Hkànáy

by Shirley Adamson | Dec 28, 2018 | Moose, Wildlife | 0 comments

Traditional knowledge, to me, is generation upon generation of events and experiences carefully preserved in language, stories, names and songs. Lifetimes of information passed from grandparent to grandchild largely unchanged in the telling.

Before I was brought in to Whitehorse to attend public school I spend my formative years in and around the Tàän Män (Lake LeBerge), Kwátän Æyá(Fox Lake) and Tàûllä (Little Fox Lake) areas living, hunting and trapping, listening to the stories of how my ancestors travelled the land observing the changes as they came.

That’s how it was. Puttering about along side my grandfather Frankie Jim, while I watched him cutting moose meat he told me this story.

“You know” he said “I was hunting by myself when I came to this big animal with big horns…I never saw that kind of animal before but I needed to get food.”

…but that was the first time I see that; before I only hunted caribou, there was no moose around then.

“I killed it, opened it up and cleaned the insides…” he said “…then I went back to where the people were to let them know so they could come to help me pack the meat out”.

“I told the old men about the animal I killed” he said “when they saw what I got, they told me it was a moose, they knew about it, but that was the first time I see that; before I only hunted caribou, there was no moose around then” he told me. “I was just a young man, “ he said “maybe twelve or thirteen years old”.

My grandfather was from Hutchi, born probably in the second to last, or, the last decade of the 1800’s and he’s passed away some time ago now. I think of him and Gramma Celia often and I share their teachings with my children and my grandchildren.

I tell the stories I heard as a child to underpin the southern tutchone language and history that I pass along within my family hoping they appreciate, as I do, the incredible wealth of knowledge left by our ancestors.

I teach them the names of the moose that now outnumber caribou on the lands where I grew up;

  • Hkànáy – moose
  • Dänjii – bull moose
  • Dàghür – cow moose
  • Chi’urà – yearling moose
  • Dèsia – calf moose

as well as a couple of words for caribou;

  • Mezi – caribou
  • Mezi dèsia – calf caribou.

The moose and the caribou are used almost in its entirety for food, shelter, clothing, footwear, utensils, tools and toys.

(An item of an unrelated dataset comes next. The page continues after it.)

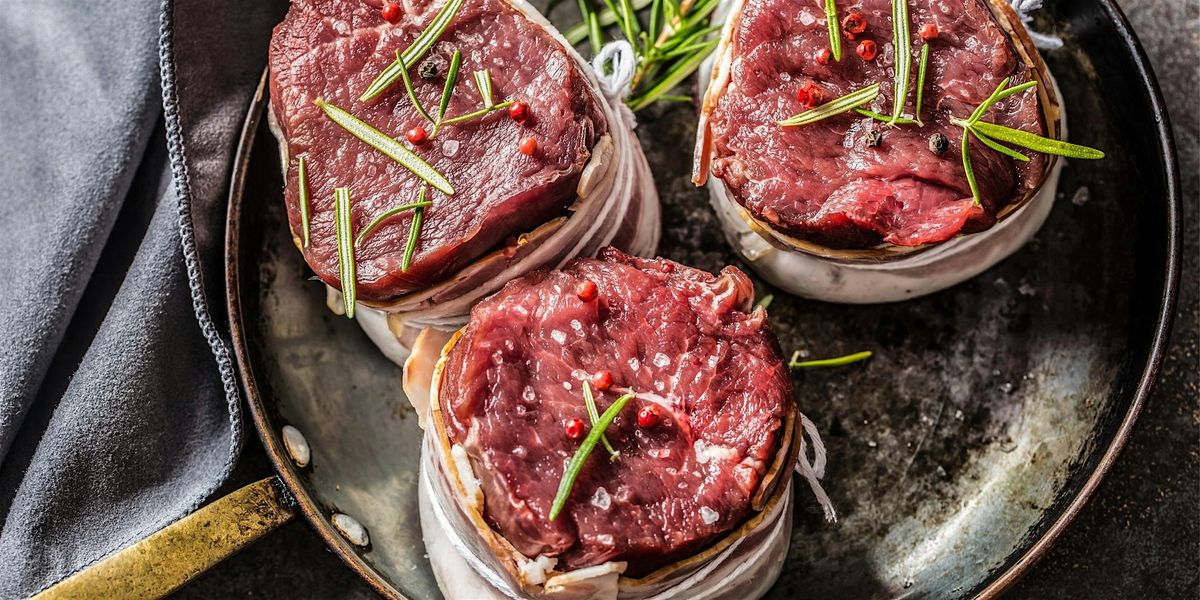 Make a date to invest a little time in learning to make everyone's favorite steakhouse menu with the added bonus of working with a variety of bacons. From the appetizer to dessert, you'll enjoy bacon in every bite.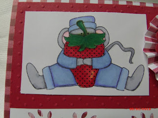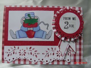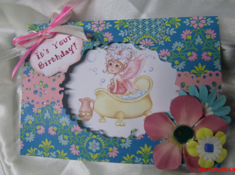 I cut the image out with the largest of Fancy Ovals from Spellbinders, then cut the window in the card with a smaller size. A tag from Spellbinders, stamp from Pink By Design, lace border punch from Martha Stewart and flowers from The Paper Shelter. On the large pink flower I added a small mirror circle from my stash and brads to the other flowers.

There are three moose resident at the Yukon Wildlife Preserve; using the southern tutchone words for moose, see if you are able to identify each when you next visit their pasture.

Shirley Adamson

Shirley Adamson

Shirley Adamson is an Elder of the Tagish Nation. She is a member of the Yukon Wildlife Preserve Operating Society Board of Directors and chairs its Animal Care and Use Committee.